• REQUIRED WORK: The whole listing is to be given again without alteration, except that its pictures are dropped.

• AVAILABLE RECORDS:
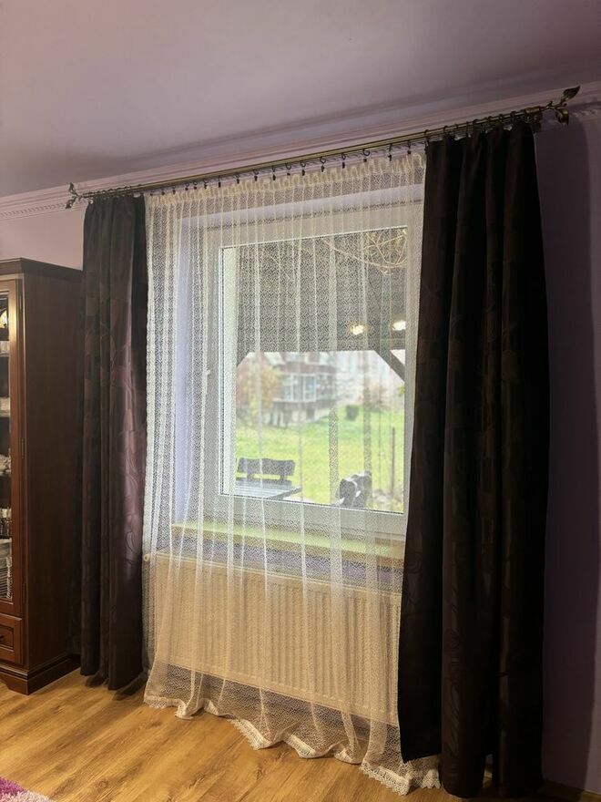Zestaw brązowych zasłon z firanami
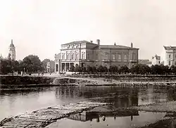 Желая завоевать прочные позиции в среде виленской аристократии и подчеркнуть собственный статус, графиня озаботилась возведением персональной городской резиденции[7]. Образцом для подражания Тышкевич служила княжна Мария Клементина Сангушко — графиня жаждала занять в Вильне такое же положение, какое занимала в Лемберге её мать[8]. Дворец Клементины Тышкевич был построен в 1884—1888 годах на берегу реки Вилия по проекту выпускника Императорской Академии художеств в Санкт-Петербурге Киприана Мацулевича. Земельный участок под резиденцию графини был приобретён 5 (17) декабря 1883 года у Владимира Джулиани[4][9]. Оригинальная структура здания не имеет аналогов в Вильне: двухэтажные корпуса дворца развёрнуты вдоль направленности двух улиц, а помещённая между корпусами часть строения имеет форму трапеции и включает в себя вестибюль с парадной лестницей. Экстерьер угловой части дворца выделяется благодаря широкой лоджии c рядом колонн. Лоджия была предназначена для того, чтобы кареты гостей графини могли подъезжать непосредственно к дверям центрального входа. Оформление фасадов здания из желтоватого кирпича повторяет итальянские ренессансные формы[10][4].
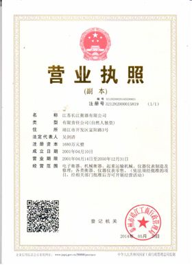 江蘇長江衡器營業(yè)執(zhí)照
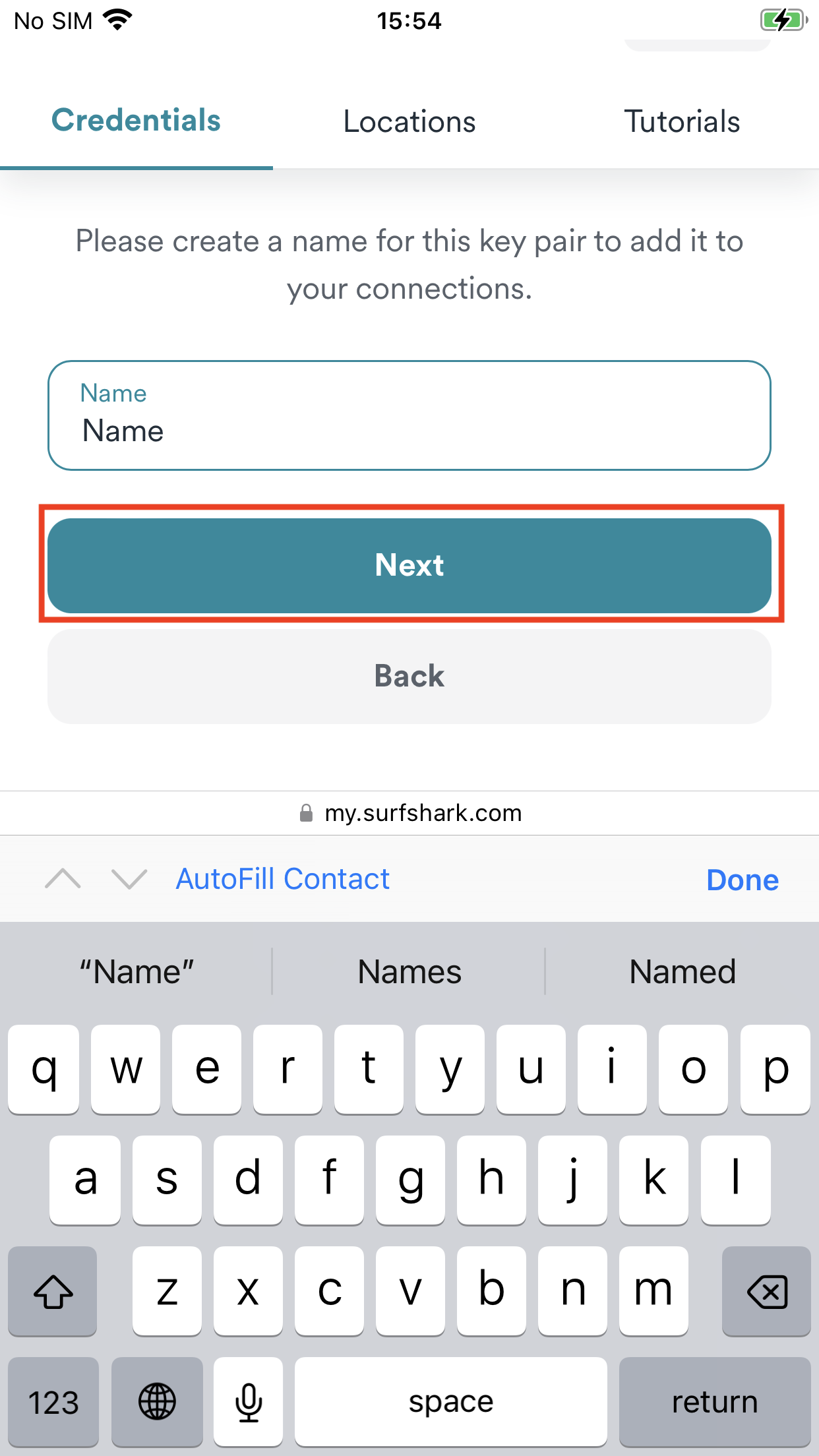 3. Enter a name for your public key and tap Next.
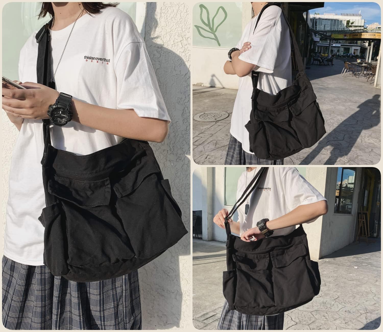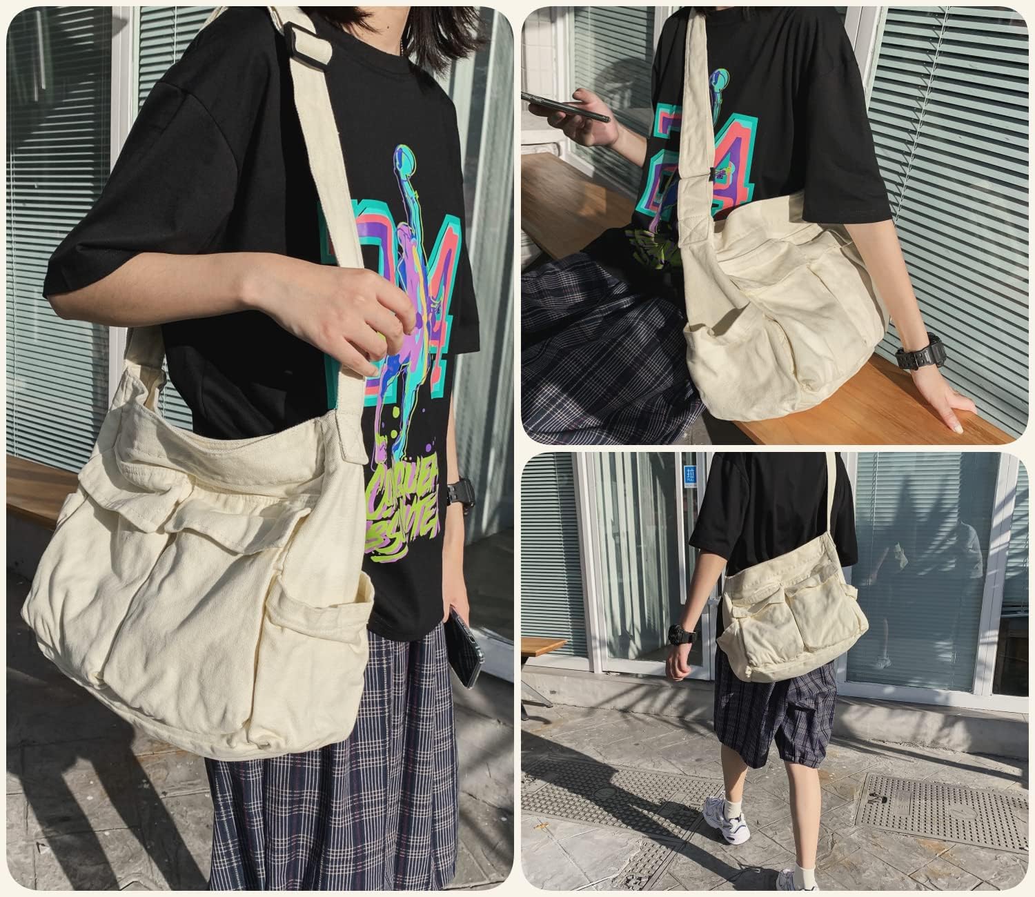 Leaper Canvas Hobo Crossbody Handbag for Women and Men Shoulder Bag Casual Tote Bag
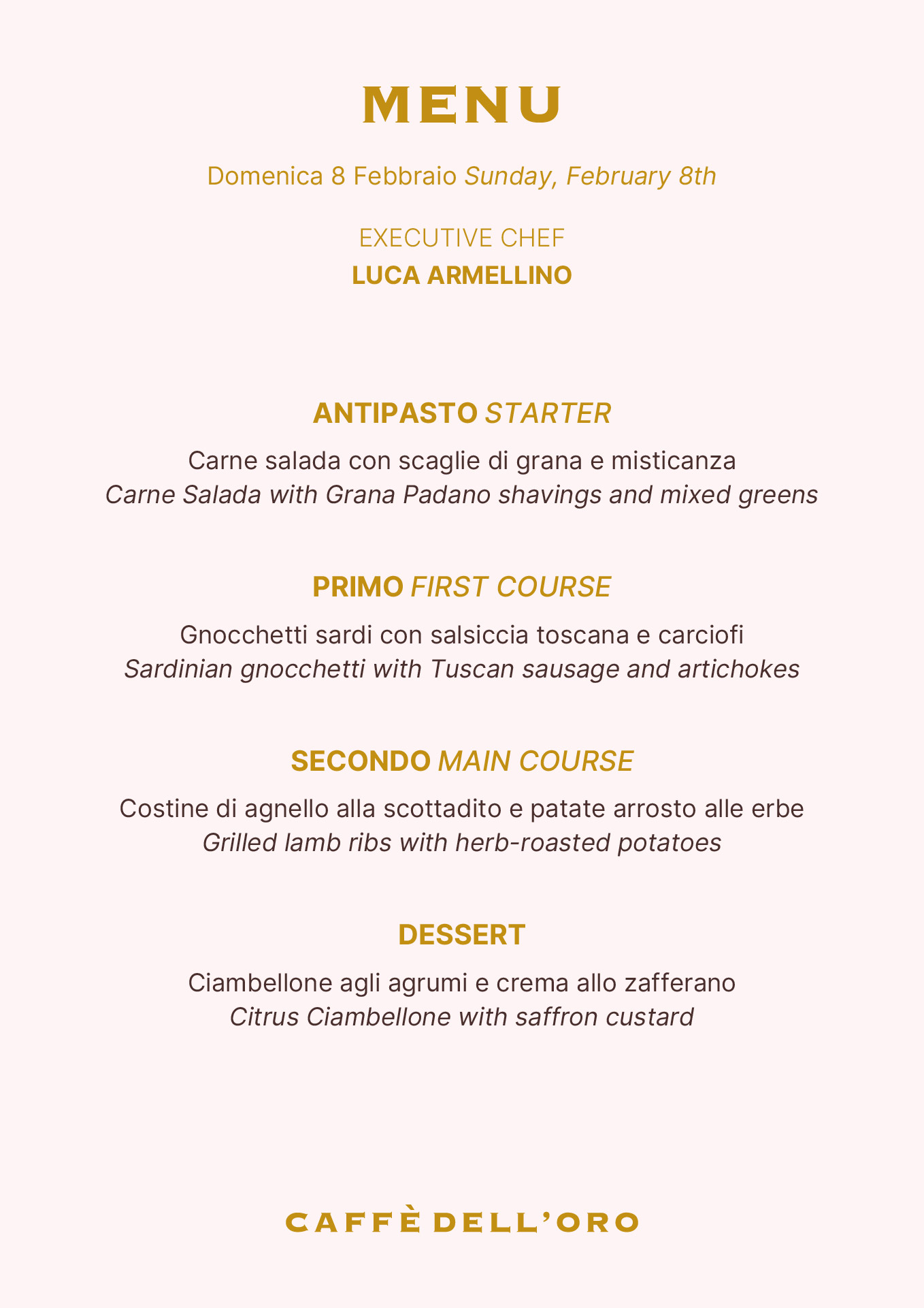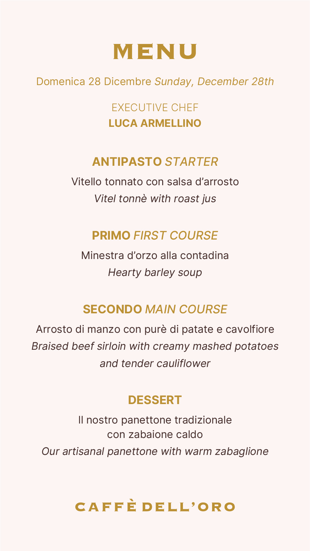 Buona Domenica celebrates the authentic flavours of Italian tradition with a weekly menu created by Executive Chef Luca Armellino.

• ANSWER TO THIS EXERCISE:
Zestaw brązowych zasłon z firanami
 Желая завоевать прочные позиции в среде виленской аристократии и подчеркнуть собственный статус, графиня озаботилась возведением персональной городской резиденции[7]. Образцом для подражания Тышкевич служила княжна Мария Клементина Сангушко — графиня жаждала занять в Вильне такое же положение, какое занимала в Лемберге её мать[8]. Дворец Клементины Тышкевич был построен в 1884—1888 годах на берегу реки Вилия по проекту выпускника Императорской Академии художеств в Санкт-Петербурге Киприана Мацулевича. Земельный участок под резиденцию графини был приобретён 5 (17) декабря 1883 года у Владимира Джулиани[4][9]. Оригинальная структура здания не имеет аналогов в Вильне: двухэтажные корпуса дворца развёрнуты вдоль направленности двух улиц, а помещённая между корпусами часть строения имеет форму трапеции и включает в себя вестибюль с парадной лестницей. Экстерьер угловой части дворца выделяется благодаря широкой лоджии c рядом колонн. Лоджия была предназначена для того, чтобы кареты гостей графини могли подъезжать непосредственно к дверям центрального входа. Оформление фасадов здания из желтоватого кирпича повторяет итальянские ренессансные формы[10][4].
 江蘇長江衡器營業(yè)執(zhí)照
 3. Enter a name for your public key and tap Next.
 Leaper Canvas Hobo Crossbody Handbag for Women and Men Shoulder Bag Casual Tote Bag
 Buona Domenica celebrates the authentic flavours of Italian tradition with a weekly menu created by Executive Chef Luca Armellino.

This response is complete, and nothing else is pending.